Gerry Adams himself, for example, through his maternal and paternal family, could trace a line which goes back to at least 1918. He could speak of members of his family who had been interned or imprisoned in early ages. And so, when he gets involved in the conflict it was as if nothing could be more natural, because he was taking up where his forefathers left off, and he personified a complete community.
So what the Provisionals represented was this sense of history, a history of resistance. But it was something based in the reality of the ghetto.
They believed that now, as never before, they had to get rid of the British presence in Ireland. What's more: There had been built into Irish Republicans in the past a sense of martyrdom. They had believed that they couldn't succeed, that it wasn't about succeeding; it was about dying for a cause, so that a new generation wold come along and take up that cause. It was the Adams and the Martin McGuiness generation who believed that they could deliver the final agenda, which would be Irish unity, because they could bring with them their communities as never before, and they could bring into it, as well, the whole web of the Irish diaspora, whether it's the United States, Australia, or wherever. And they had the moral imperative of international public opinion on their side.

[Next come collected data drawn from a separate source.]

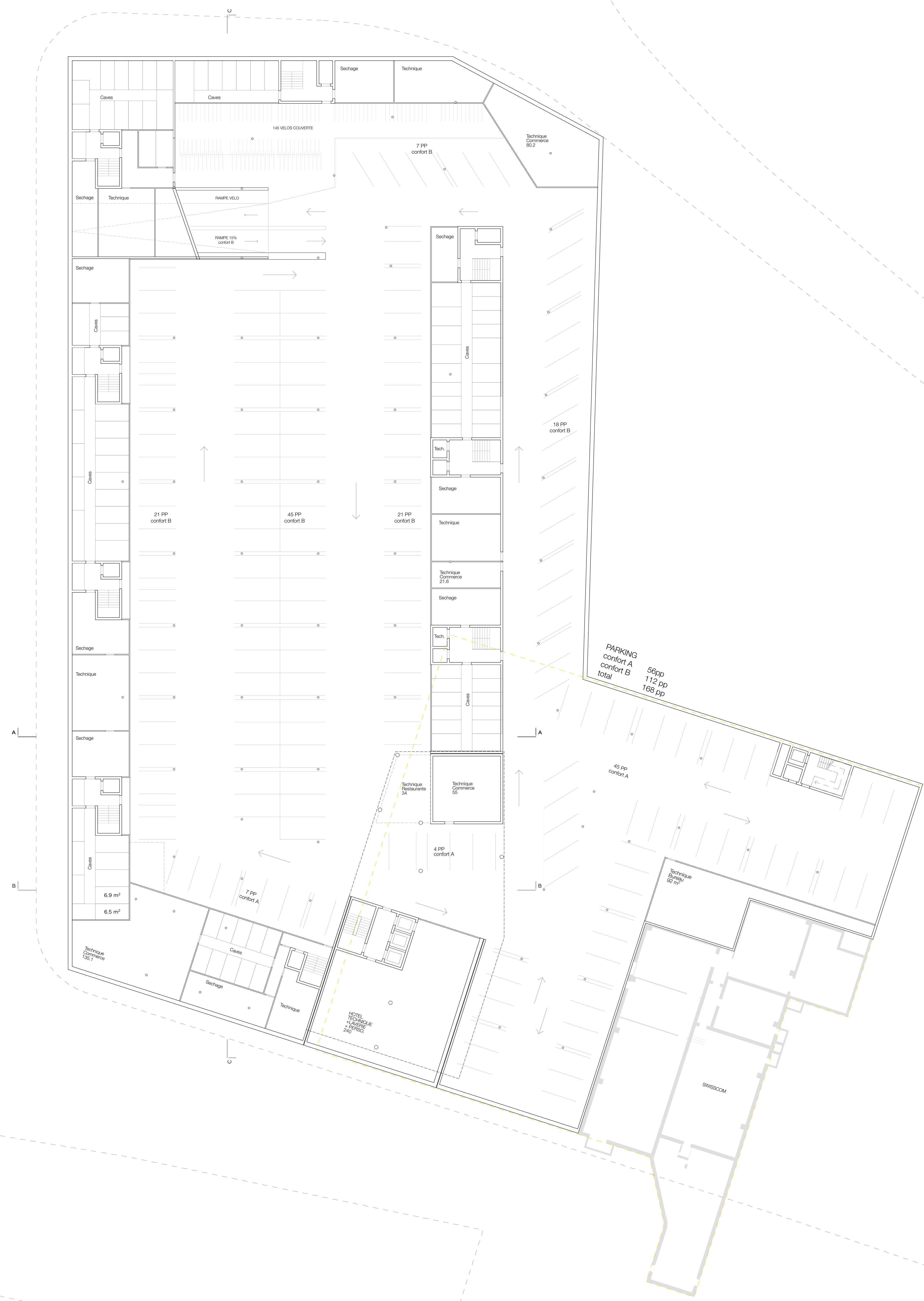
SOUS-SOL / 1:200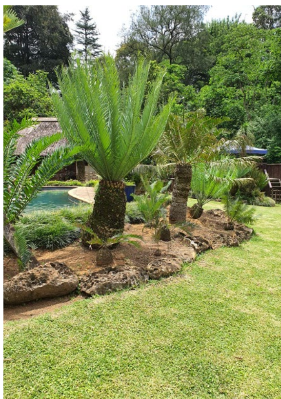
Figure 4. Some sights in Paul's beautiful garden.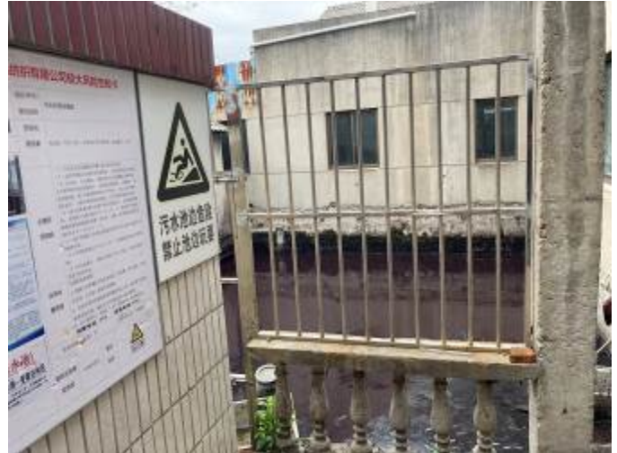
Photo of Before Treatment Area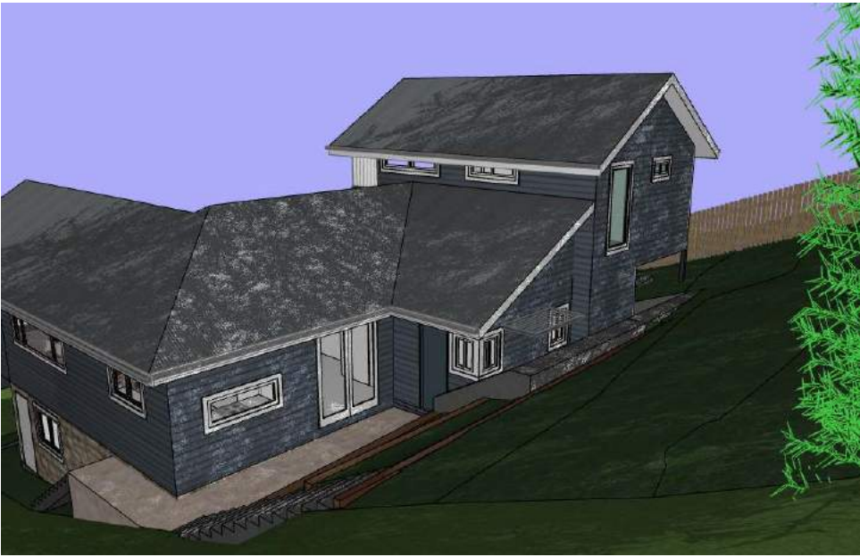
Bamboo on boundary 10m high - June 21 - 12pm

So, they believed that everything was in place to fight the last long war. And out of that war of attrition, you would see British withdrawal, you would see the Protestant community in the north come to their senses and realize that the best answer for them, as well, is Irish unity.
The people who formed the Provisional started with a moral certainty, a self-righteousness, that because they had suffered so much, because they had been at the brunt of it, because they'd seen their families suffer, that they could deliver in a way that their forefathers never could deliver, that they were going to be the generation which would succeed for something which the Irish had been trying for from at least the 17th century, that at last you would have one indivisible and sovereign Ireland, totally controlling itself.